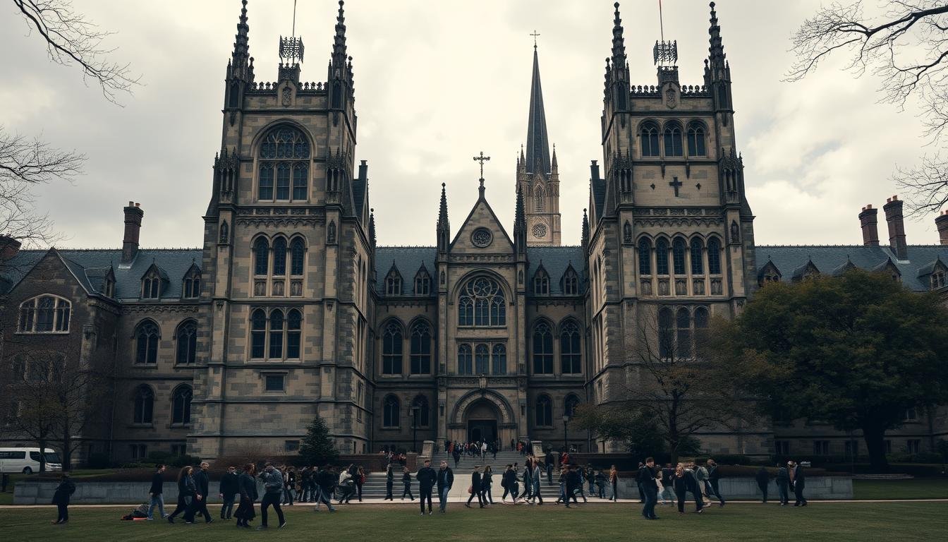 The campus is dotted with gargoyles and other Gothic features, adding to its mystique and charm.
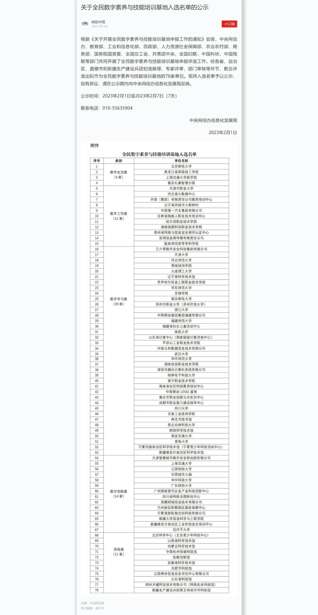 2月2日,学习强国发布《关于全民数字素养与技能培训基地入选名单的公示》
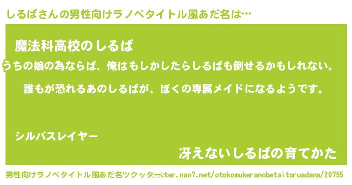 | 胡散臭い通販商品みたいなあだ名 | 『来世でも幸せになれる健康食品…その名も「しるば」』 |
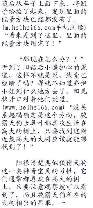 不过瓶子里面的能量方块数量始终有限,不知道前进了多久以后,瓶子里面的能量方块已经用尽了,乔伊无奈之下也只能将瓶子也丢下,现在她的心中只能希望,这些线索足够让阳等人找到她,好在这只狡猾天狗没有带着自己走太远,没过多久就带着自己跳上了一颗大树。
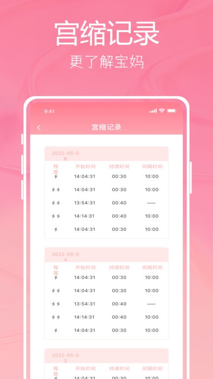 2、宫缩记录,在快要生产时能够精准记录宫缩情况更好的了解宫缩;
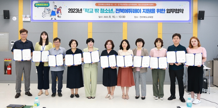 전북교육청과 도내 9개 학교밖청소년지원센터, 5개 청소년상담복지센터는 이날 교육청 창조나래관 회의실에서 ‘학교 밖 청소년 전북에듀페이(학습지원비) 지원사업 추진을 위한 업무협약’을 체결했다.

⁂

▶ [TASK OBJECTIVE]: Line by line, write out the data above exactly, without the pictures.

▶ [PROBLEM SOLUTION]:
 The campus is dotted with gargoyles and other Gothic features, adding to its mystique and charm.
 2月2日,学习强国发布《关于全民数字素养与技能培训基地入选名单的公示》
 | 胡散臭い通販商品みたいなあだ名 | 『来世でも幸せになれる健康食品…その名も「しるば」』 |
 不过瓶子里面的能量方块数量始终有限,不知道前进了多久以后,瓶子里面的能量方块已经用尽了,乔伊无奈之下也只能将瓶子也丢下,现在她的心中只能希望,这些线索足够让阳等人找到她,好在这只狡猾天狗没有带着自己走太远,没过多久就带着自己跳上了一颗大树。
 2、宫缩记录,在快要生产时能够精准记录宫缩情况更好的了解宫缩;
 전북교육청과 도내 9개 학교밖청소년지원센터, 5개 청소년상담복지센터는 이날 교육청 창조나래관 회의실에서 ‘학교 밖 청소년 전북에듀페이(학습지원비) 지원사업 추진을 위한 업무협약’을 체결했다.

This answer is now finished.